And then my little hack comes in next to set the desired view port on the resource i.e the sprite sheet shown previously:

void Sprite::setFrameRect(uint FrameNumber)
{	
	SDL_Rect typicalFrame[] = { 
		{0,0,66,92},
		{66,0,66,93},
		{132,0,66,93},
		{0,93,66,93},
		{66,93,66,93},
		{132,93,71,92},
		{0,186,71,93},
		{71,186,71,93},
		{142,186,70,92},
		{0,279,71,93},
		{71,279,66,97},
	};

	GetResource()->m_viewPort.x = typicalFrame[FrameNumber].x;
	GetResource()->m_viewPort.y = typicalFrame[FrameNumber].y;
	GetResource()->m_viewPort.w = typicalFrame[FrameNumber].w;
	GetResource()->m_viewPort.h = typicalFrame[FrameNumber].h;
}

It's not great because its hard-coded but it makes the concept work, which is the whole point of this exercise. It seems like it took me ages to do this, but there are a lot of other things I find competes for my time. Anyway, the full source code is here, its under the simplification branch which, is me trying to make my code as readable as possible (refactoring is one of the joys of programming in my opinion and calms me like zen).

The issue, that prompted this (hard coding) was that I had found some sprite-sheets online, which as it turns out were not uniform - each series in the animation was located in slightly different offset positions, so my original algorithm was no longer useful.

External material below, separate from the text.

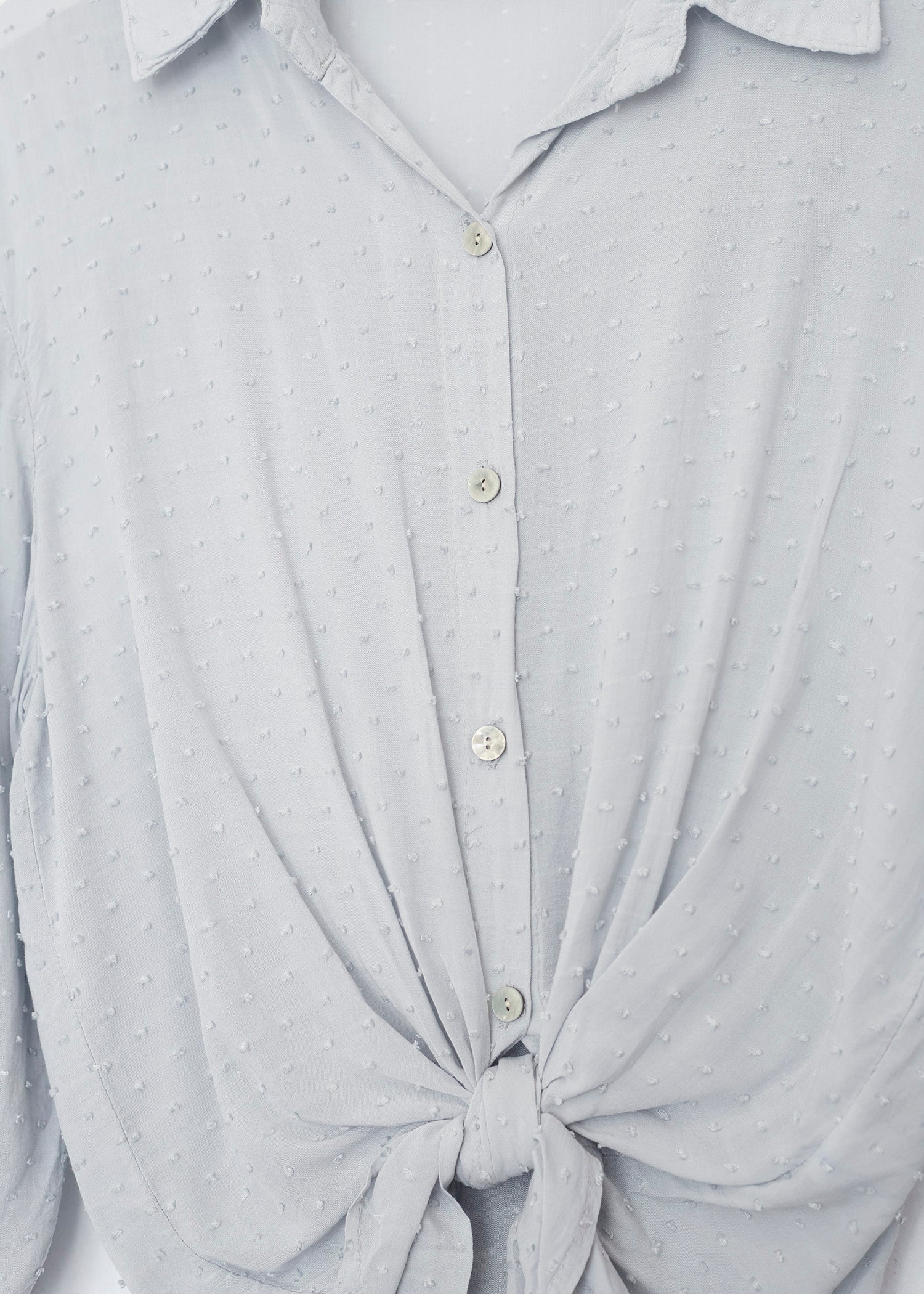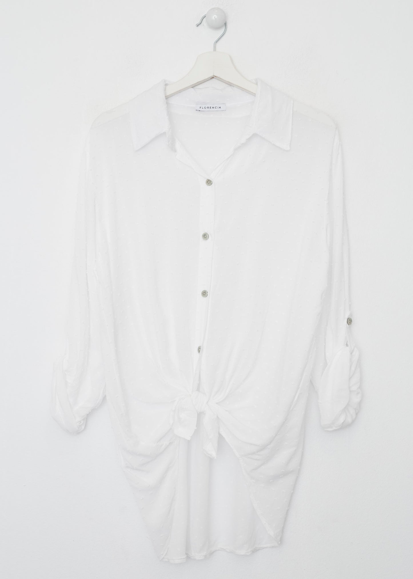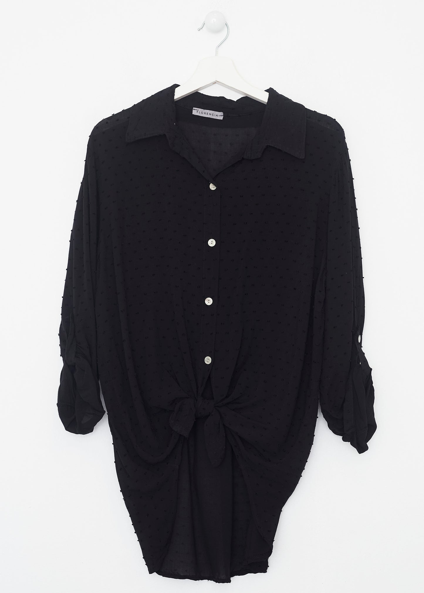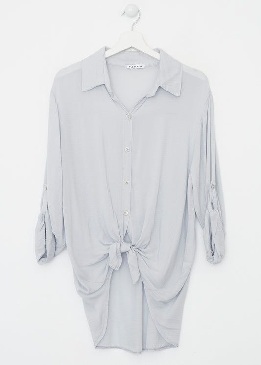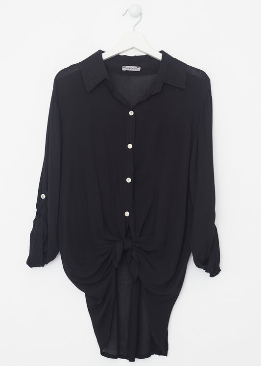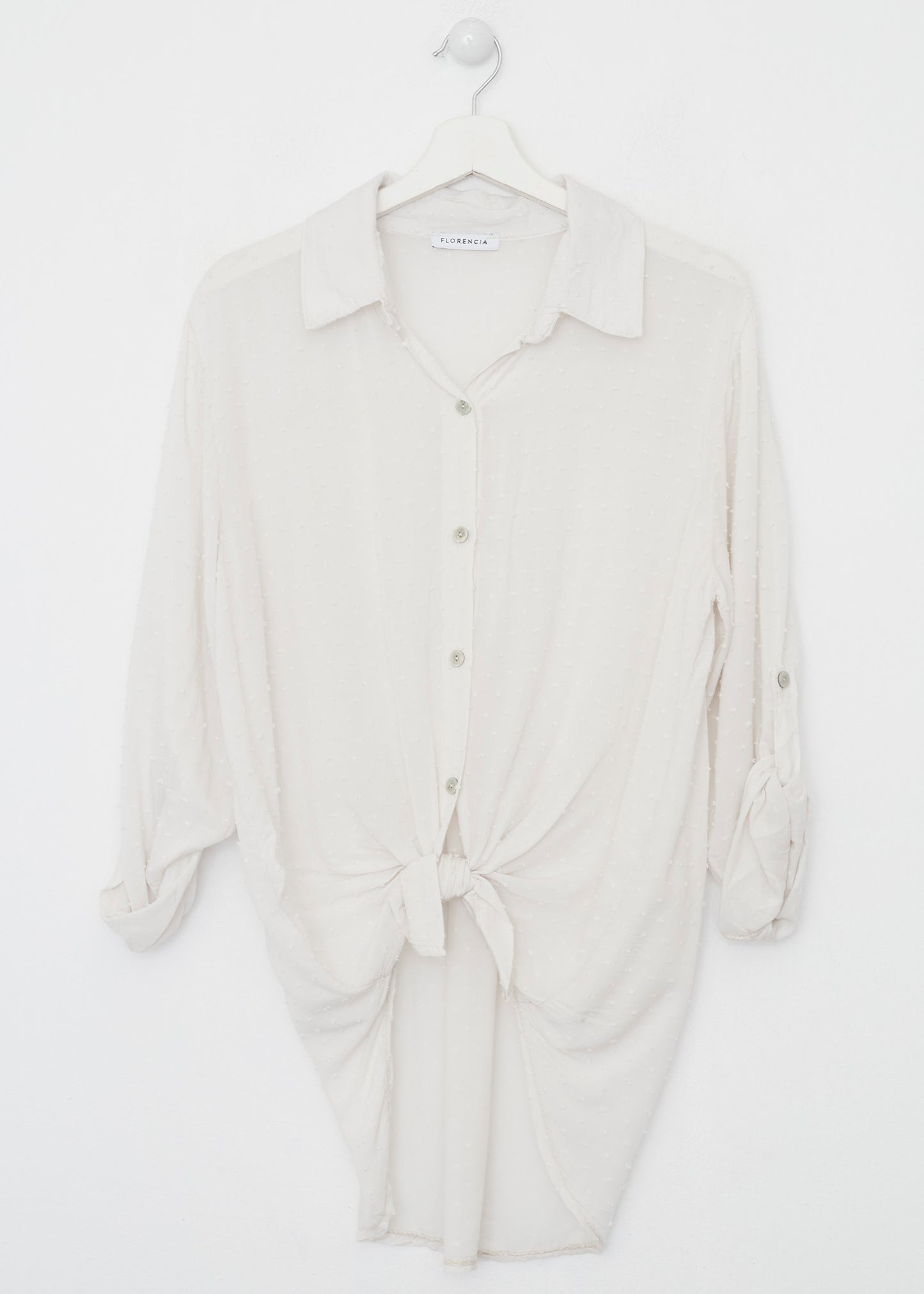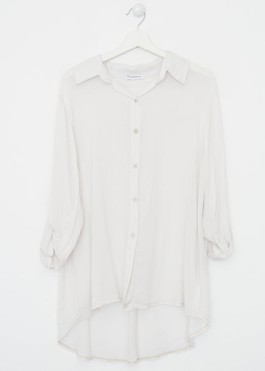 Camisa de cuello solapa y manga larga ajustable con detalle de trabilla y botón. Bajos asimétricos. Corte amplio. Tejido tipo plumeti.

The downloaded sprite-sheets do all have a mixture of XML and JSON associated key-frame coordinates code into meta files, which I realise now is because the sprite-sheets are not uniform... 

So moving forward, I think what I’ll do, is cater for this by implementing both a JSON and a XML loader that can read in the associated coordinates from the meta files for the sprite-sheet and dynamically using them to determine the frame coordinates. For now though, I’m going to focus on other aspects of my engine...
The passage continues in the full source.